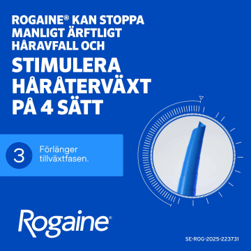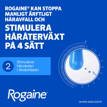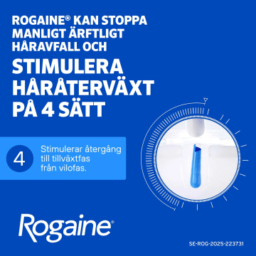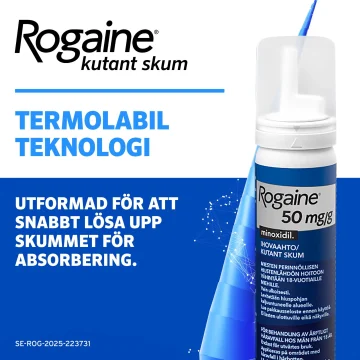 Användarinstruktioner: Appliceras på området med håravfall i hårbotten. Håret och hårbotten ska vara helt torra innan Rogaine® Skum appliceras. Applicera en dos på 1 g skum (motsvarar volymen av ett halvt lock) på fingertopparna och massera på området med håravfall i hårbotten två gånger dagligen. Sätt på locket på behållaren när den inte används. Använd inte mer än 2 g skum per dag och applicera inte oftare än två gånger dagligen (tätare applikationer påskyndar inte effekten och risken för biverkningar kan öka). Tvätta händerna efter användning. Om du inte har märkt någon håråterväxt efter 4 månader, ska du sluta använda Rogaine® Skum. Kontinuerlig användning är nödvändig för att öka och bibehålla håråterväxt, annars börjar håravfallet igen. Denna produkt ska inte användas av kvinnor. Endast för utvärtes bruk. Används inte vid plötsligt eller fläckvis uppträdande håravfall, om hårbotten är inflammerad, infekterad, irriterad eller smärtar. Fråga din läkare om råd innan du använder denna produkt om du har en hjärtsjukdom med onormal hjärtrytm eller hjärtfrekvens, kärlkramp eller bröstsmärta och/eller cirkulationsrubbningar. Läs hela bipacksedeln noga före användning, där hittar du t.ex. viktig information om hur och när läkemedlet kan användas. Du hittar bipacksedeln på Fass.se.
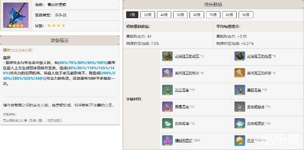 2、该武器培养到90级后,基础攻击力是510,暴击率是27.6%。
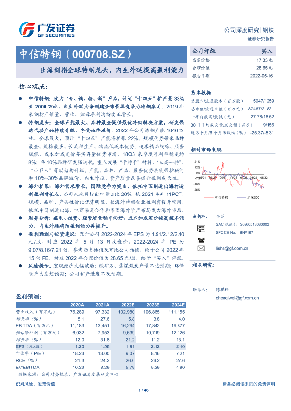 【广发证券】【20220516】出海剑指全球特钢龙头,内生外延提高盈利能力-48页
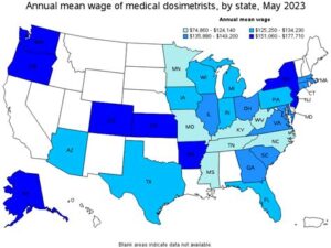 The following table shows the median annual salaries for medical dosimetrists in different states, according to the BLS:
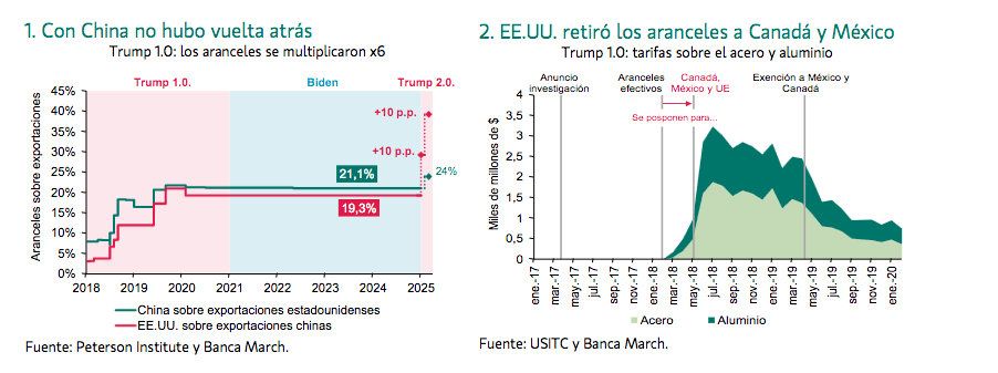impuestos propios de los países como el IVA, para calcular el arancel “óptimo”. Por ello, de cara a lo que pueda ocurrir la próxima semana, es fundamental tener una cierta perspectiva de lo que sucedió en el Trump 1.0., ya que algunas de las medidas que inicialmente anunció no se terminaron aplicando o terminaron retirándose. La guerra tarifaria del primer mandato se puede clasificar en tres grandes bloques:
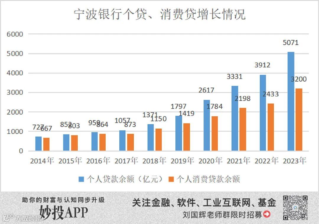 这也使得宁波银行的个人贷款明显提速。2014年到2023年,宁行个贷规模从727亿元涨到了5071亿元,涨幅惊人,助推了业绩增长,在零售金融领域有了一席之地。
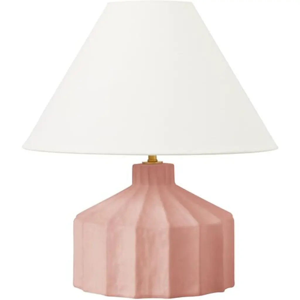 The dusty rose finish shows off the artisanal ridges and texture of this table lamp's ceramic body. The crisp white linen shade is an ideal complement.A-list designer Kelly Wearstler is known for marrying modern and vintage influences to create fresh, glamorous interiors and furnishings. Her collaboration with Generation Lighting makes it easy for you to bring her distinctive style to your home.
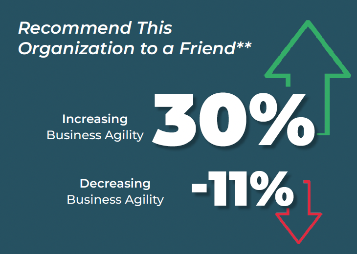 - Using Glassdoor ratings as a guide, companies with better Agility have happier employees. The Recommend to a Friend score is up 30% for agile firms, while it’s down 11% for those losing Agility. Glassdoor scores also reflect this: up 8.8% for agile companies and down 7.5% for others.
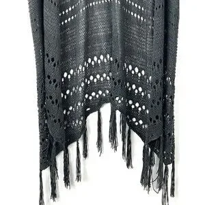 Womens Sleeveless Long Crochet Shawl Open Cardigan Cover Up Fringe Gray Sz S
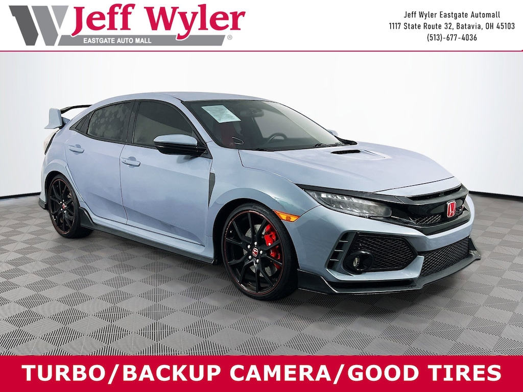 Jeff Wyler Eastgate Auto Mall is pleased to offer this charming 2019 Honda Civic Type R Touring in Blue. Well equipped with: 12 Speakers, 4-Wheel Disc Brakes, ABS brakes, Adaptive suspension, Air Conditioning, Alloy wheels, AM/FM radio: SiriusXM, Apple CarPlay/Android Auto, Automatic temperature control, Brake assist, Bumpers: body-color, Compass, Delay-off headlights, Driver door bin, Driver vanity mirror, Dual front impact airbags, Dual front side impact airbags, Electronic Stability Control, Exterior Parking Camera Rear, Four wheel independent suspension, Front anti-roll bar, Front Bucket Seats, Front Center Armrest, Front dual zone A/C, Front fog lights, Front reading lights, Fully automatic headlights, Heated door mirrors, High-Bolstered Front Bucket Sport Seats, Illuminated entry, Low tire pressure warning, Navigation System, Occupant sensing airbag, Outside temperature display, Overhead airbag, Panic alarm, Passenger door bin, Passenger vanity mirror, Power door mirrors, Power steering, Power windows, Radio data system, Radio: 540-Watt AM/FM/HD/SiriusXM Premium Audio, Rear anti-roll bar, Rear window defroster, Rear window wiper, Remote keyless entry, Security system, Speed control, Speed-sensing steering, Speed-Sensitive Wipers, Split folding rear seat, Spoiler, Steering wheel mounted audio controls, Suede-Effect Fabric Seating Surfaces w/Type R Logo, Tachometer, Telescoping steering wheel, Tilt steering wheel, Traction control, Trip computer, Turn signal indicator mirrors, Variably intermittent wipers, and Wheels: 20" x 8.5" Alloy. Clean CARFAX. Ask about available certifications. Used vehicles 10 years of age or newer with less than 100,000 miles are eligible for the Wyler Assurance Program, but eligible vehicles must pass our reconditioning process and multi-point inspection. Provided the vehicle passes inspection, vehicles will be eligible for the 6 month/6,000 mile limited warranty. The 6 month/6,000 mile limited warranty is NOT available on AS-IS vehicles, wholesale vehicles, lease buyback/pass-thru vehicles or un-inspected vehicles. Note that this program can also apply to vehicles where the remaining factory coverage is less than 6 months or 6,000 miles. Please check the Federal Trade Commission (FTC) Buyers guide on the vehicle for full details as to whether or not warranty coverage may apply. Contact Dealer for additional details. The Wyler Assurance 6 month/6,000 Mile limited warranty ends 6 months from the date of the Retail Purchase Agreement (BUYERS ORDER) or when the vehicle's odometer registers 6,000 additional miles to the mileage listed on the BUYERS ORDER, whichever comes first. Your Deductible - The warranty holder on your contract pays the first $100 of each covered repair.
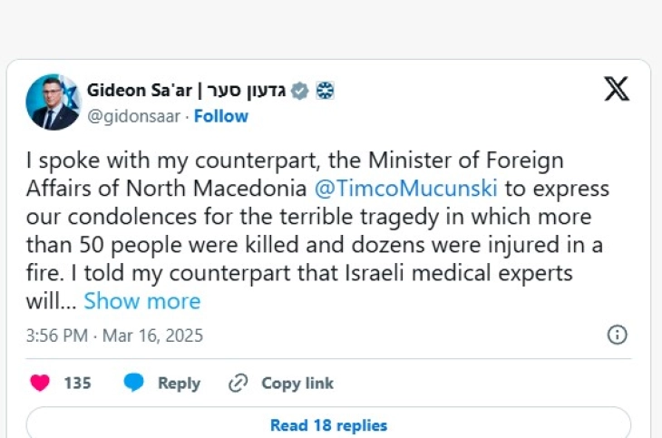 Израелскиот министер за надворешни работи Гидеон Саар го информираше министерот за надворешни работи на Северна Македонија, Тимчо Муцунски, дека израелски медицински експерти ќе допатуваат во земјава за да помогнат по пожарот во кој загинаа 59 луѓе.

--- The problem ---
Set down the material above exactly as written, but not the pictures.

--- Exercise result ---
 Användarinstruktioner: Appliceras på området med håravfall i hårbotten. Håret och hårbotten ska vara helt torra innan Rogaine® Skum appliceras. Applicera en dos på 1 g skum (motsvarar volymen av ett halvt lock) på fingertopparna och massera på området med håravfall i hårbotten två gånger dagligen. Sätt på locket på behållaren när den inte används. Använd inte mer än 2 g skum per dag och applicera inte oftare än två gånger dagligen (tätare applikationer påskyndar inte effekten och risken för biverkningar kan öka). Tvätta händerna efter användning. Om du inte har märkt någon håråterväxt efter 4 månader, ska du sluta använda Rogaine® Skum. Kontinuerlig användning är nödvändig för att öka och bibehålla håråterväxt, annars börjar håravfallet igen. Denna produkt ska inte användas av kvinnor. Endast för utvärtes bruk. Används inte vid plötsligt eller fläckvis uppträdande håravfall, om hårbotten är inflammerad, infekterad, irriterad eller smärtar. Fråga din läkare om råd innan du använder denna produkt om du har en hjärtsjukdom med onormal hjärtrytm eller hjärtfrekvens, kärlkramp eller bröstsmärta och/eller cirkulationsrubbningar. Läs hela bipacksedeln noga före användning, där hittar du t.ex. viktig information om hur och när läkemedlet kan användas. Du hittar bipacksedeln på Fass.se.
 2、该武器培养到90级后,基础攻击力是510,暴击率是27.6%。
 【广发证券】【20220516】出海剑指全球特钢龙头,内生外延提高盈利能力-48页
 The following table shows the median annual salaries for medical dosimetrists in different states, according to the BLS:
impuestos propios de los países como el IVA, para calcular el arancel “óptimo”. Por ello, de cara a lo que pueda ocurrir la próxima semana, es fundamental tener una cierta perspectiva de lo que sucedió en el Trump 1.0., ya que algunas de las medidas que inicialmente anunció no se terminaron aplicando o terminaron retirándose. La guerra tarifaria del primer mandato se puede clasificar en tres grandes bloques:
 这也使得宁波银行的个人贷款明显提速。2014年到2023年,宁行个贷规模从727亿元涨到了5071亿元,涨幅惊人,助推了业绩增长,在零售金融领域有了一席之地。
 The dusty rose finish shows off the artisanal ridges and texture of this table lamp's ceramic body. The crisp white linen shade is an ideal complement.A-list designer Kelly Wearstler is known for marrying modern and vintage influences to create fresh, glamorous interiors and furnishings. Her collaboration with Generation Lighting makes it easy for you to bring her distinctive style to your home.
 - Using Glassdoor ratings as a guide, companies with better Agility have happier employees. The Recommend to a Friend score is up 30% for agile firms, while it’s down 11% for those losing Agility. Glassdoor scores also reflect this: up 8.8% for agile companies and down 7.5% for others.
 Womens Sleeveless Long Crochet Shawl Open Cardigan Cover Up Fringe Gray Sz S
 Jeff Wyler Eastgate Auto Mall is pleased to offer this charming 2019 Honda Civic Type R Touring in Blue. Well equipped with: 12 Speakers, 4-Wheel Disc Brakes, ABS brakes, Adaptive suspension, Air Conditioning, Alloy wheels, AM/FM radio: SiriusXM, Apple CarPlay/Android Auto, Automatic temperature control, Brake assist, Bumpers: body-color, Compass, Delay-off headlights, Driver door bin, Driver vanity mirror, Dual front impact airbags, Dual front side impact airbags, Electronic Stability Control, Exterior Parking Camera Rear, Four wheel independent suspension, Front anti-roll bar, Front Bucket Seats, Front Center Armrest, Front dual zone A/C, Front fog lights, Front reading lights, Fully automatic headlights, Heated door mirrors, High-Bolstered Front Bucket Sport Seats, Illuminated entry, Low tire pressure warning, Navigation System, Occupant sensing airbag, Outside temperature display, Overhead airbag, Panic alarm, Passenger door bin, Passenger vanity mirror, Power door mirrors, Power steering, Power windows, Radio data system, Radio: 540-Watt AM/FM/HD/SiriusXM Premium Audio, Rear anti-roll bar, Rear window defroster, Rear window wiper, Remote keyless entry, Security system, Speed control, Speed-sensing steering, Speed-Sensitive Wipers, Split folding rear seat, Spoiler, Steering wheel mounted audio controls, Suede-Effect Fabric Seating Surfaces w/Type R Logo, Tachometer, Telescoping steering wheel, Tilt steering wheel, Traction control, Trip computer, Turn signal indicator mirrors, Variably intermittent wipers, and Wheels: 20" x 8.5" Alloy. Clean CARFAX. Ask about available certifications. Used vehicles 10 years of age or newer with less than 100,000 miles are eligible for the Wyler Assurance Program, but eligible vehicles must pass our reconditioning process and multi-point inspection. Provided the vehicle passes inspection, vehicles will be eligible for the 6 month/6,000 mile limited warranty. The 6 month/6,000 mile limited warranty is NOT available on AS-IS vehicles, wholesale vehicles, lease buyback/pass-thru vehicles or un-inspected vehicles. Note that this program can also apply to vehicles where the remaining factory coverage is less than 6 months or 6,000 miles. Please check the Federal Trade Commission (FTC) Buyers guide on the vehicle for full details as to whether or not warranty coverage may apply. Contact Dealer for additional details. The Wyler Assurance 6 month/6,000 Mile limited warranty ends 6 months from the date of the Retail Purchase Agreement (BUYERS ORDER) or when the vehicle's odometer registers 6,000 additional miles to the mileage listed on the BUYERS ORDER, whichever comes first. Your Deductible - The warranty holder on your contract pays the first $100 of each covered repair.
 Израелскиот министер за надворешни работи Гидеон Саар го информираше министерот за надворешни работи на Северна Македонија, Тимчо Муцунски, дека израелски медицински експерти ќе допатуваат во земјава за да помогнат по пожарот во кој загинаа 59 луѓе.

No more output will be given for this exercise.